I'd say the mammoth would probably be in a similar situation. Integrating them into elephant "culture" may be the only option.
that_guy
5 / 5 (2) Dec 06, 2011
If you actually know anything at an introductory level about those weapons, then you would realize that he's trying to make it sound extreme on purpose - not to demonstrate knowledge...It's a mix of mostly common high end elements, and a few made up components.

Correction - those are all real elements.
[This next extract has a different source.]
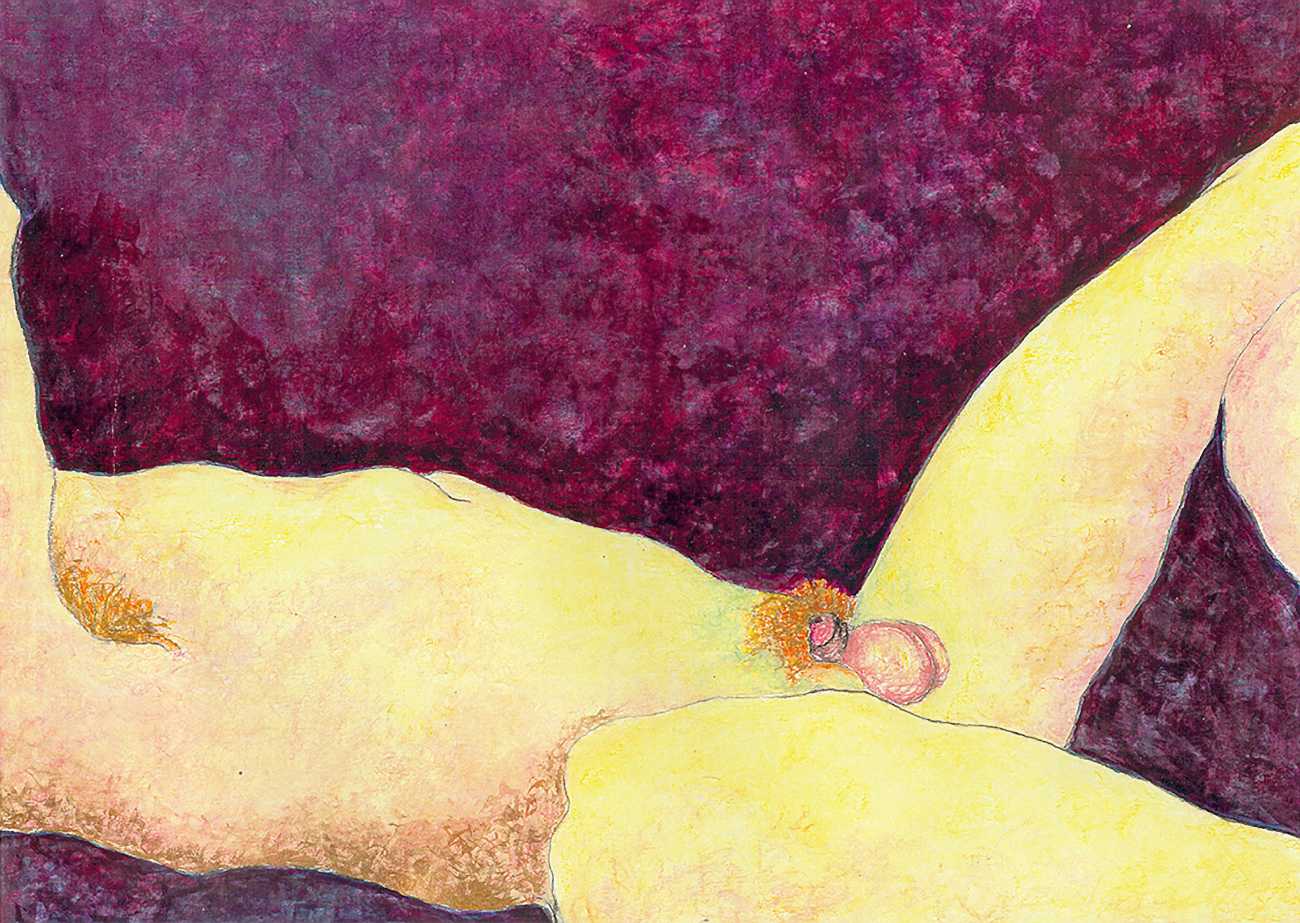 Patricia Boulay grew up in the small town of Remirement in the Vosges region of eastern France, and in her own words ‘managed to escape’ when she was twenty to the nearest city, Nancy, to study economics. Art was her real passion, however, and from 1980 to 1985 she studied painting and sculpture at the Luminy campus of the École Supérieure d’Art et de Design in Marseille. Her closest friend, Martine, was always very important to her, and after Martine moved to Montpellier, also to study art, their shared travels and experiences formed the basis of her determination to illustrate her lived experience of intimacy and sexuality. In order to finance her painting studies, Patricia worked for a time in a Marseille cabaret, where if the customer wanted and the woman agreed, they arranged to meet in a hotel afterwards. She wrote of this time that it was through these experiences that she learned that sexual desire can sometimes be fulfilled without the protective accompaniment of love.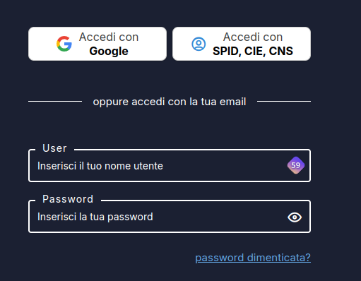 La pagina di login si adatterà alla configurazione del workspace e mostrerà di conseguenza i metodi abilitati (email, providers o spid).

The point is though that we use all this technology and materials science to get 'back to the basics'
Sinister1811
2 / 5 (8) Dec 07, 2011
That's a little extreme, isn't it?


I took it as him trying to show off about his knowledge of weapons or something... it was an odd comment in any case.

I took the comment about the compound bows, etc, as a sort of tongue in cheek reference as to how 'hunting for mammoths like our ancestors' wouldn't really resemble the way that our ancestors did it.


You're probably right, but that wasn't how I saw it. I saw it as a hypothetical plan to brutally murder mammoths. lol
TheGhostofOtto1923
3.4 / 5 (17) Dec 07, 2011
That's a little extreme, isn't it?


I took it as him trying to show off about his knowledge of weapons or something... it was an odd comment in any case.

I took the comment about the compound bows, etc, as a sort of tongue in cheek reference as to how 'hunting for mammoths like our ancestors' wouldn't really resemble the way that our ancestors did it.

If you actually know anything at an introductory level about those weapons, then you would realize that he's trying to make it sound extreme on purpose - not to demonstrate knowledge...It's a mix of mostly common high end elements, and a few made up components.
Correct. It was technosarcasm. Except that bowhunting today uses all those refinements. Also laser rangefinders. Radio arrowtrackers. Etc. Exploding heads are illegal.
drel
5 / 5 (2) Dec 08, 2011
If cloning the beast wasn't difficult enough, just imagine the "mammoth undertaking" that would result when the creature dies!
Callippo
1.4 / 5 (5) Dec 08, 2011
Why don't we hear of cloning animals that are endangered?

I see - the Russians found a bone, so they want to use it as an opportunity for getting the priority and as a source grant money by now, the actual results are secondary. We should learn first how to clone an elephant reliably before wasting the only sample we have for adventurous experiments. Just my few cents, these Russian primitives will not listen anybody anyway. http://www2.macle...erosene/
TheGhostofOtto1923
3.1 / 5 (15) Dec 08, 2011
sorry - that got screwded all up-
TheGhostofOtto1923
3.1 / 5 (15) Dec 08, 2011
Why don't we hear of cloning animals that are endangered?
-Because we dont use GOOGLE to look them up?
https://www.googl...=cloning endangered species&gs_upl=0l0l0l3967lllllllllll0&aqi=g4s1

-Still not working o well.
Tausch
1 / 5 (3) Dec 09, 2011
Clone collateral damage to perfection first. When perfected work on extinct cases then.
rawa1
1 / 5 (3) Dec 09, 2011
Still not working too well.
Because we didn't succeed in any such cloning. At the Trans Ova Genetics in Sioux Center, Iowa, USA, a cloned Gaur was born from a surrogate domestic cow mother. However, the calf died within 48 hours. This wild cattle is the only endangered species, we attempted to clone so far. Apparently, if we would wait with cloning of mammoth ten, twenty years our chances would be much higher.
Xbw
1 / 5 (4) Jan 04, 2012
I'll bet the real drive behind the mammoth cloning is making super awesome mammoth coats and selling them on eBay.